• Requirement
Only one span of the listing below should come back. It runs from the line with "棵初2025年新款夏日氧气感镂空针织小衫儿童蝴蝶结撞色领短袖上衣" through the line with "Ravensburg. – Steudel, [Albert]: Die", and each of its lines must be reproduced exactly.

• Material for this exercise
★ ★ ★

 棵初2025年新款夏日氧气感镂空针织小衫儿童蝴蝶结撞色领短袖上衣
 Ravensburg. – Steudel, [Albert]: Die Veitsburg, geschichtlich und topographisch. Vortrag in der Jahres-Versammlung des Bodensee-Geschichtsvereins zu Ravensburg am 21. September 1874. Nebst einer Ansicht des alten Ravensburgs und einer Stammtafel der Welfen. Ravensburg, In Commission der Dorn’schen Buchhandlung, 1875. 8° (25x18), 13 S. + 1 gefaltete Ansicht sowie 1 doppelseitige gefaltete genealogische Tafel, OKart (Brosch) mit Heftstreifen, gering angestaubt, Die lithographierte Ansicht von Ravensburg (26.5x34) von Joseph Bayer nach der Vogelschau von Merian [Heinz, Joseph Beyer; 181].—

★ ★ ★

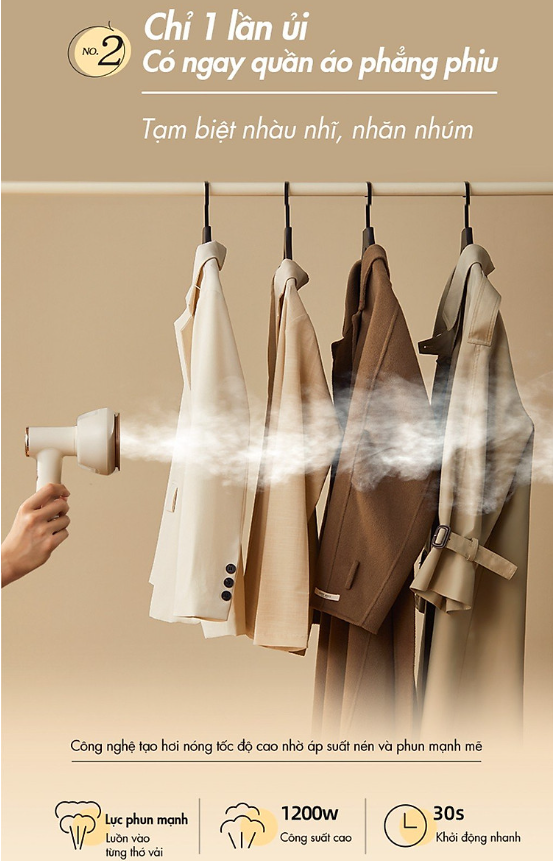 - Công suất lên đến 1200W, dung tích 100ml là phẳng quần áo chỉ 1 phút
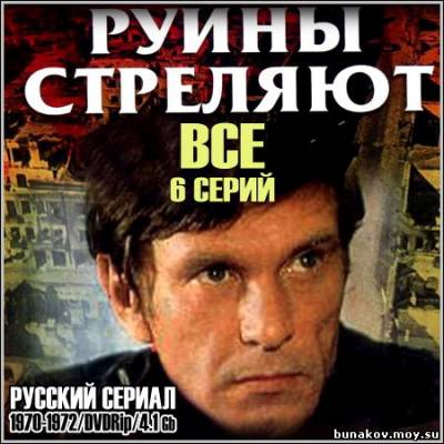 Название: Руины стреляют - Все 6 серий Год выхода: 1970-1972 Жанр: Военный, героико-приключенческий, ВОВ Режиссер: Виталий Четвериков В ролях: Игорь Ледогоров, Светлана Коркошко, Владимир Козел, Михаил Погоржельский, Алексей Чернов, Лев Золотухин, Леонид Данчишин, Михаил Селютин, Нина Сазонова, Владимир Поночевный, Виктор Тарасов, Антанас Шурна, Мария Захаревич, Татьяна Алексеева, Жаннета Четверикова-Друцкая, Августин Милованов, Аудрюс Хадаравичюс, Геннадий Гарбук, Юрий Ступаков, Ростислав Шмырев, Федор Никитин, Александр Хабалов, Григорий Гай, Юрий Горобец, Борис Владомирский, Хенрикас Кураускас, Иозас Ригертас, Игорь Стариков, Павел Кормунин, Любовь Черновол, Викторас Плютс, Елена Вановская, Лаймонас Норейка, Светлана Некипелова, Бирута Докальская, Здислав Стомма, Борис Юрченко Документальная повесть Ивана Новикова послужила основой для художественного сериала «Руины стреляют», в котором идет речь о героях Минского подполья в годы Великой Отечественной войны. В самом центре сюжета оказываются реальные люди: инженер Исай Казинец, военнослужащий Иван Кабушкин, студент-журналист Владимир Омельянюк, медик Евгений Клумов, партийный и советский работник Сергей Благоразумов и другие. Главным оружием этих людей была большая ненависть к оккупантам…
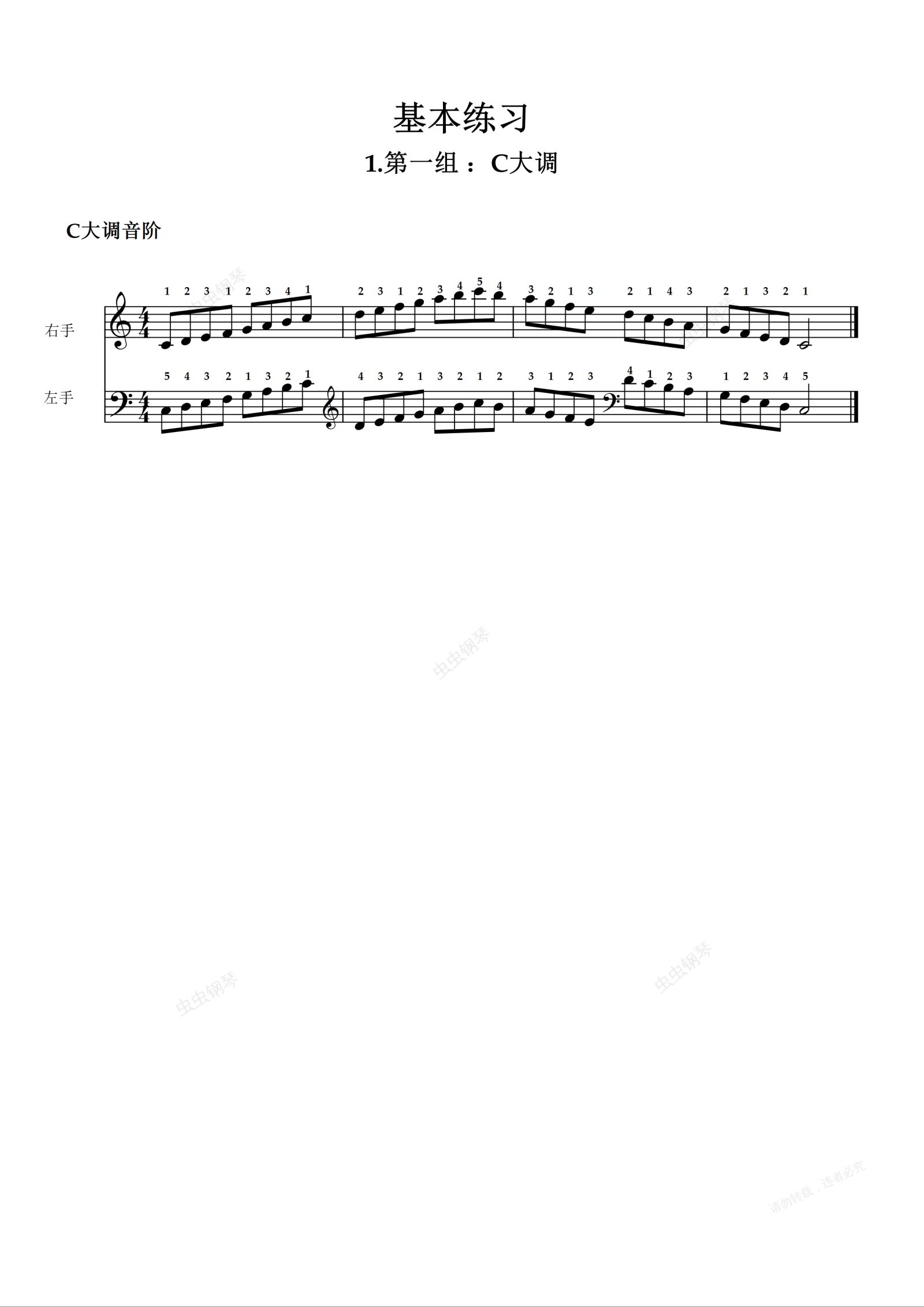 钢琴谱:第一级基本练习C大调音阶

★ ★ ★

• Output of the task
 棵初2025年新款夏日氧气感镂空针织小衫儿童蝴蝶结撞色领短袖上衣
 Ravensburg. – Steudel, [Albert]: Die Veitsburg, geschichtlich und topographisch. Vortrag in der Jahres-Versammlung des Bodensee-Geschichtsvereins zu Ravensburg am 21. September 1874. Nebst einer Ansicht des alten Ravensburgs und einer Stammtafel der Welfen. Ravensburg, In Commission der Dorn’schen Buchhandlung, 1875. 8° (25x18), 13 S. + 1 gefaltete Ansicht sowie 1 doppelseitige gefaltete genealogische Tafel, OKart (Brosch) mit Heftstreifen, gering angestaubt, Die lithographierte Ansicht von Ravensburg (26.5x34) von Joseph Bayer nach der Vogelschau von Merian [Heinz, Joseph Beyer; 181].—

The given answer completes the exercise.